To really experience 'good' it's perhaps best to actually be good with the 'bad' in it. In fact when we look at the 'bad' and 'good' in a nonjudgmental manner, there is a good chance of not letting the 'bad' drag us down, and while doing that, perhaps experiencing the 'good' for what it is.

I was reading the other day about a writer who aims for 100 rejections a year (she does not aim for positive results only). She gets a lot of good work done. But to get there she realised that she has to increase her rejection rate. Out of 100, a 5% hit rate is all she needs. The person who gets hurt at the first rejection and does not apply again has no chance, or less chance.
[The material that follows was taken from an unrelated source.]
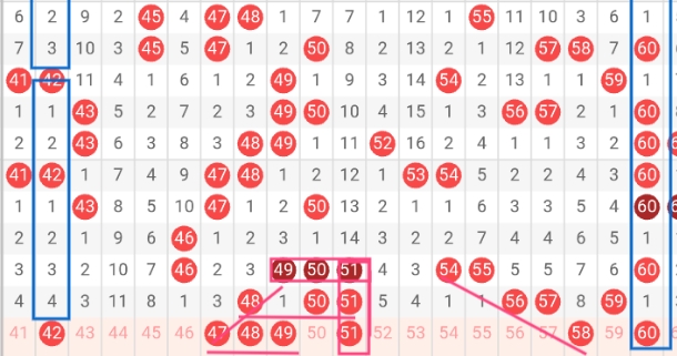 3、三区(41-60),数字走势分析:

The one who actually sees the rejections as just another part of the process, actually sees more highs. (The one who actually seeks only highs and judges the lows, will certainly sink.)

If I want more 'good', I need more 'bad' experiences (or what I would judge them as 'bad' for the sake of this conversation). When I am ok with meeting so many 'bad' I have stopped judging them, and am perhaps even fine with them. Most experiences could be 'bad', but a few could turn out 'good'. Then perhaps I can enjoy and appreciate the 'good' that much more when it happens.

To appreciate something, to secretly want something, the trick seems to go the other way then. Seek the opposite out actively, get comfortable with it. Don't judge it. And from it will emerge your 'good'.